Yes, it seems that special bond may have left me but was born again in him, because as you know by now that little one is here today– keeping me on my toes in the best way possible. Even from day one she didn’t listen to me. I’m not sure why, and we don’t question it.
To this day, even with her daily struggles and weekly OT, PT and other services, our little fighter shows that her daddy is quite clearly the more intuitive of the two of us. Despite all that I “knew,” he was the one that was right. She needed to keep fighting, and she somehow had it in her to do so. And she still does.
Thank you, God.
It took 4 years and perhaps some divine intervention before I’d read the book my intuitive friend had mentioned all those years ago. When Expecting Adam was offered to me as November’s From Left to Write book club choice I was surprised this “blast from the past” came back to me in this way. Imagine my shock when I began to digest the first few chapters and realized the book itself is about things that can’t be explained and the everyday magic the author experienced during her pregnancy.
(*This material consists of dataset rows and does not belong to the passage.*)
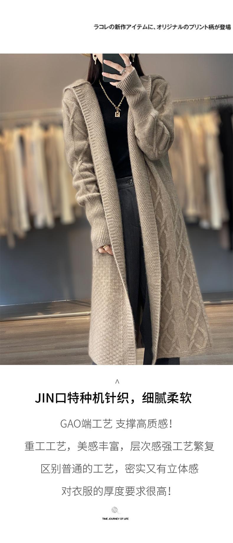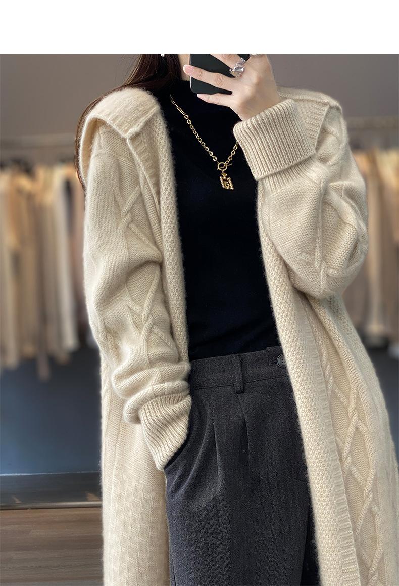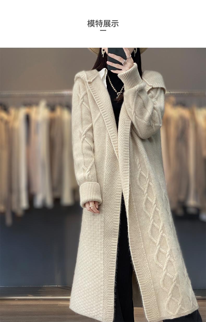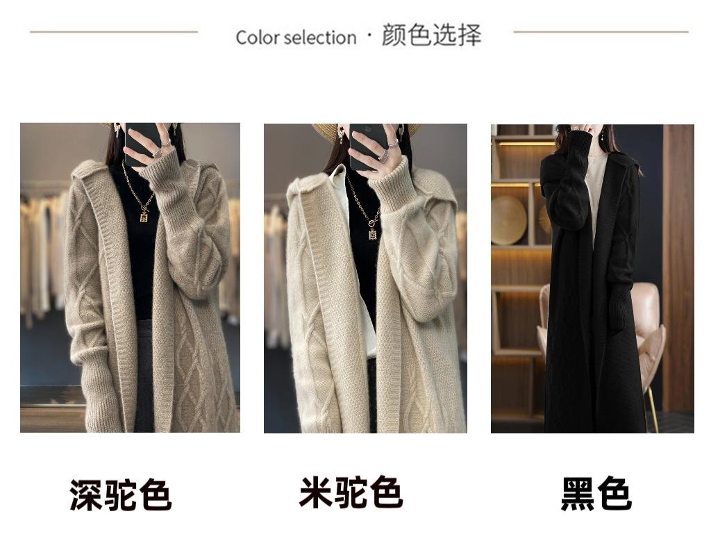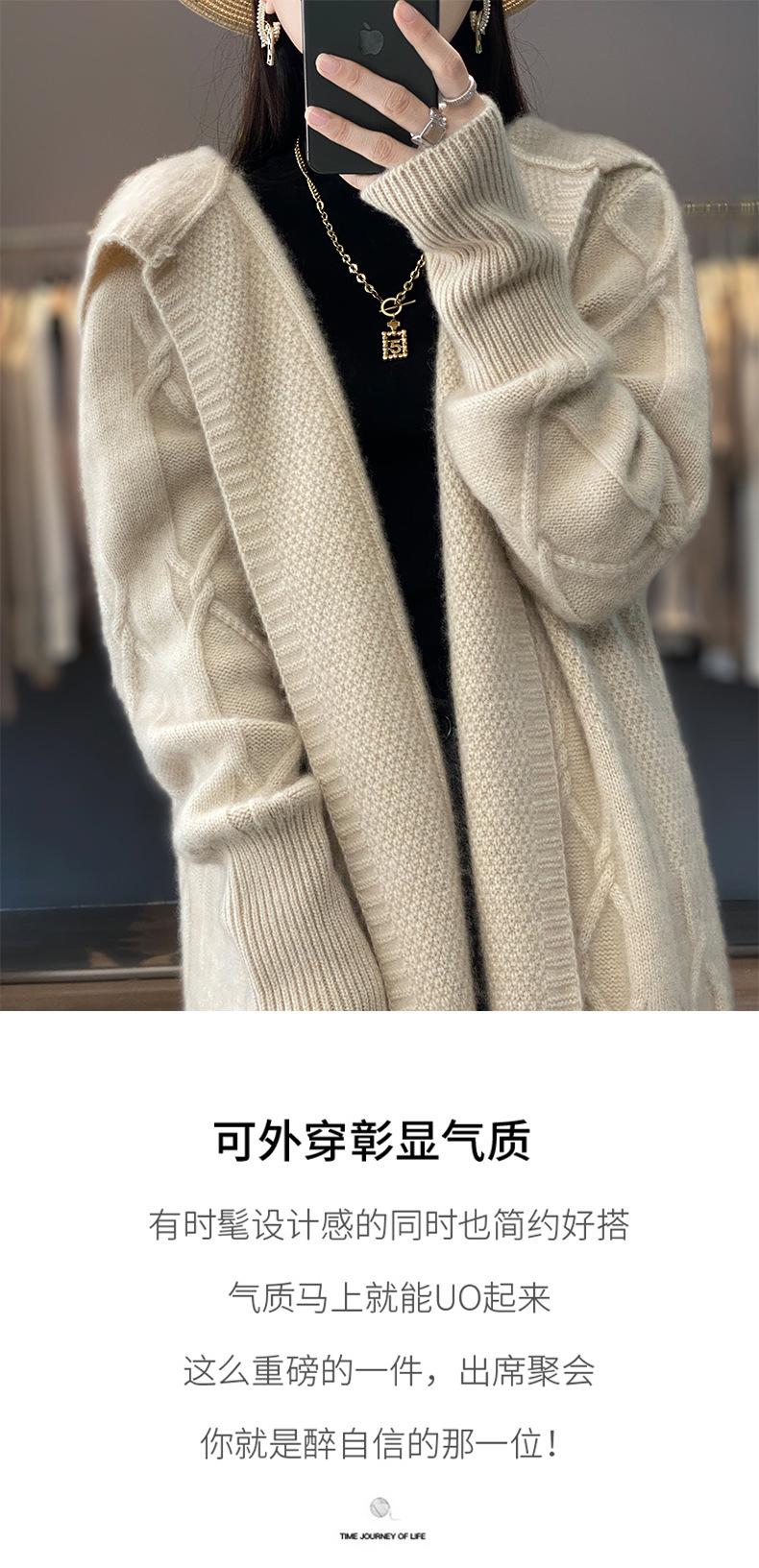 Ropa de mujer Cárdigan de lana 100% de invierno Chaqueta con capucha de longitud media para mujer Nuevo abrigo por encima de la rodilla de otoño e invierno engrosado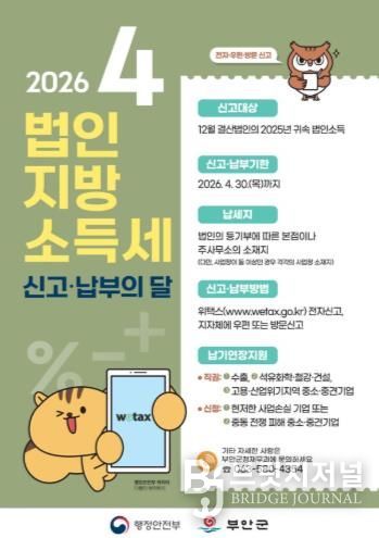 브릿지저널 윤나영 기자 | 부안군은 관내에 사업장을 둔 12월 결산법인을 대상으로 오는 4월 1일부터 30일까지 2025년 귀속분 소득에 대한 ‘법인지방소득세 집중신고기간’을 운영한다고 밝혔다.
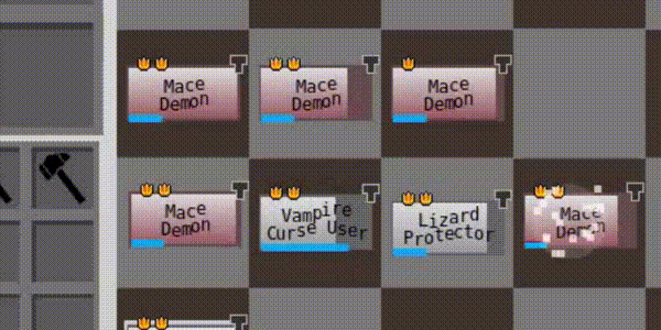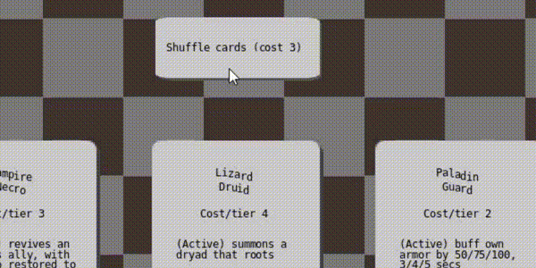 A single player only PvE autobattler that is purely GUI (graphical user inteface). Manage dealt cards (units). Combine units to level them up. Upgrade items.

If Martha Beck, a Harvard post-grad student at the time, could admit to society the inexplicable things she experienced than who was I to keep silent about the intuition and magic with my little angel, Abby?
Hope you aren’t considering admitting me to the psych ward deleting your subscription to my blog. I promise this is the only time I’ll go all “X files” on you (is that even an appropriate reference? perhaps I should say go all “Medium” on you?) It’s an internal dialogue that I’ve wanted to put into words for 3 years now, and reading this book provided the perfect push to do so.